А Катерина просто не знала, как начать разговор, потому что уже предлагала Ивану продать дом и хозяйство и переехать к Ольге — квартира там большая, а она с ребёнком мается, так Иван ни в какую: здесь, мол, родился, здесь и умирать буду, да и ни к чему на старости лет путешествовать. Разговор этот ещё зимой был, а сейчас, когда у Ольги заболела Иришка и она со слезами упрашивала мать пожить у неё, побыть с ребёнком, Катерина решила вдруг переехать к ней насовсем, надеясь на то, что и Иван в конце концов согласится… Надоела ей эта деревня, а там всё-таки райцентр. И квартира у Ольги благоустроенная, печи не надо топить, да и со скотиной возиться надоело. А насчёт работы, так Ивану там работы полно, хоть сегодня примут, ну а уж самой-то зиму посидеть придётся: девчонка малюсенькая, куда от неё денешься?..
Катерина наконец отряхнула платье, подошла к Ивану, села рядом.
— Так вот, Ваня, решила я к Ольге переехать, хватит уж нам с тобой в назьме копаться.

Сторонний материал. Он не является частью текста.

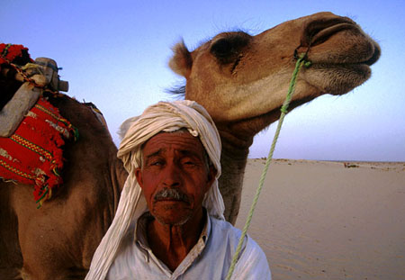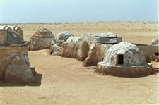 To the north some 30 km away lies Tozeur, a bustling Tunisian desert town which has grown around an oasis. 10 km to the south is Nefta, a more relaxed settlement with its own spectacular date palm plantation fed by natural springs at an oasis. Beyond this, continuing south lies the open road through the heat and sand until you reach Algeria, 40 km away. |

У неё Иришка заболела, так просит, чтобы я пожила у неё, повозилась… А я думаю, надо уж нам определяться к ней, да и всё. Ну сколько можно тут сидеть? И так всю жизнь просидели…
Катерина замолчала и, потупившись, начала разглаживать ладонями платье на коленях, Иван отвернулся, разглядывая луга за Иртышом. Вечерело. Берёзовые колки вдали уже едва различались.
— Я сегодня с ними уеду, а ты пока тут поживёшь. Скотину распродашь, дом… Дом если не продашь — холера с ним. Заколотишь двери-окна, да и пусть стоит, потом продадим… Виктор завтра приедет, остальное кое-что заберёт, я приготовила, ну а варить уж тут мать попросишь, пока не распродашься. Или мяса ей отнеси, да там и обедай… Картошки мы шесть мешков насыпали, но там ещё мешков пять-шесть будет, тоже матери отвези… Бельё у тебя всё перестирано, переглажено, в комоде лежит, в верхнем ящике… Да ты почему молчишь-то?..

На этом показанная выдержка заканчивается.